Le travail législatif a alors pu commencer et les CCT du Conseil national du travail ont pu être préparées. Le 30 mai, les CCT nécessaires ont été signées, tant pour la réglementation relative à la fin de carrière (RCC et emplois de fin de carrière) que pour le chômage économique des employés. Seule exception: l’AR relatif à l’assouplissement de la réglementation sur les emplois de fin de carrière pour les travailleurs des entreprises de travail adapté (à partir de 55 ans après 25 ans au lieu de 35 ans de carrière) devait encore être légèrement modifié. On peut s’attendre à ce qu’il soit encore adapté en juin. Nous espérons donc que cette CCT pourra également entrer en vigueur à partir du 1er juillet 2023.

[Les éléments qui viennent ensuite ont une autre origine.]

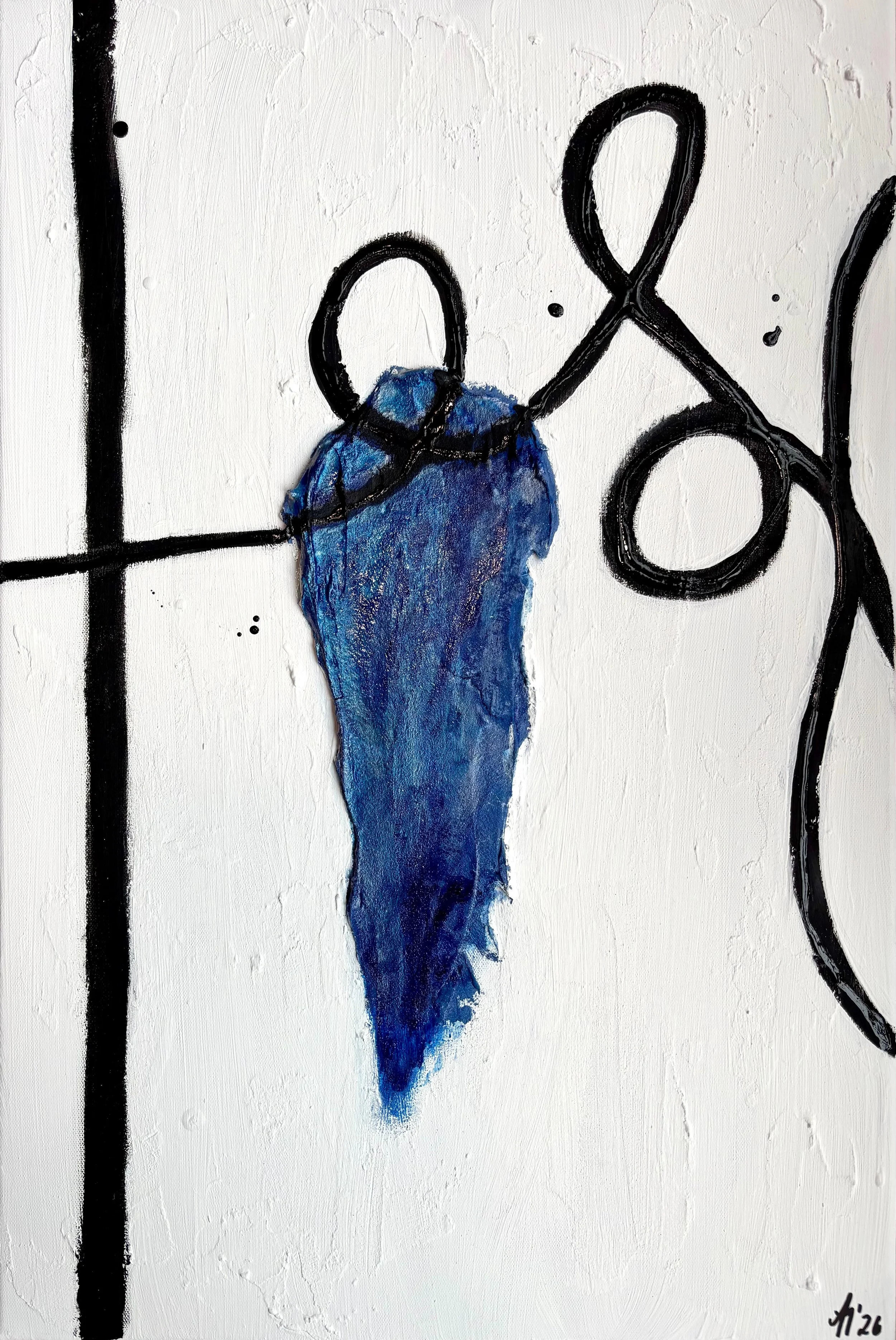Despite this intervention, the figure still retains a degree of compositional authority. The blue form remains central and perceptually dominant, yet its equilibrium has been disturbed. The work therefore captures a transitional state in which autonomy persists but is no longer fully secure.

Pour sa part, le gouvernement n’a finalisé que la norme salariale 0% pour 2023-2024, avec la prime «pouvoir d’achat» jusqu’à un maximum de 750 euros en guise d’échappatoire. Nous attendons toujours les lois et arrêtés nécessaires pour mettre en œuvre le cadre d’accords, notamment la prolongation des régimes spéciaux pour les heures supplémentaires, tant les heures supplémentaires fiscalement favorables que les heures de relance. Le gouvernement a toutefois dû promettre que les entreprises seraient autorisées à appliquer ces régimes dès le 1er juillet 2023. Sans cette promesse, les employeurs auraient refusé de signer les CCT le 30 mai dernier.
Publication de l’assimilation du chômage corona
Nous avons très longtemps attendu la publication du chômage corona pour les vacances annuelles. La CSC a dû insister pendant un an et demi en menant des actions pour enfin y parvenir.

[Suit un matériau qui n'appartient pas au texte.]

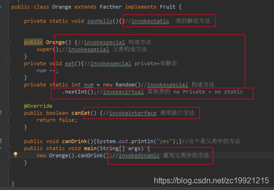 我们再从JVM层面分析下,JVM里面是通过哪里指令来实现方法的调用的:

L’arrêté royal a été publié le 9 juin. Il servira de base tant pour le pécule de vacances supplémentaire et les jours de vacances supplémentaires que pour les personnes qui se sont retrouvées au chômage corona au cours du premier semestre 2022. Notons que cette mesure s’applique également aux jours de chômage temporaire pendant cette période pour cause de force majeure, en raison de la guerre en Ukraine ou des inondations en Wallonie. Pour les ouvriers, les caisses de vacances et l’Office national des vacances annuelles ont déjà tenu compte de ces jours supplémentaires pour calculer le pécule de vacances. Il ne reste plus qu’à veiller à ce que l’employeur attribue également le nombre correct de jours de vacances et verse le pécule de vacances complet aux employés. L’employeur devra plus particulièrement verser un complément aux employés qui ont déjà reçu leur pécule de vacances. Il faut donc veiller à ce que les employés qui ont résilié leur contrat en 2022 ou au début de cette année reçoivent également le pécule de vacances pour le chômage corona du premier semestre 2022.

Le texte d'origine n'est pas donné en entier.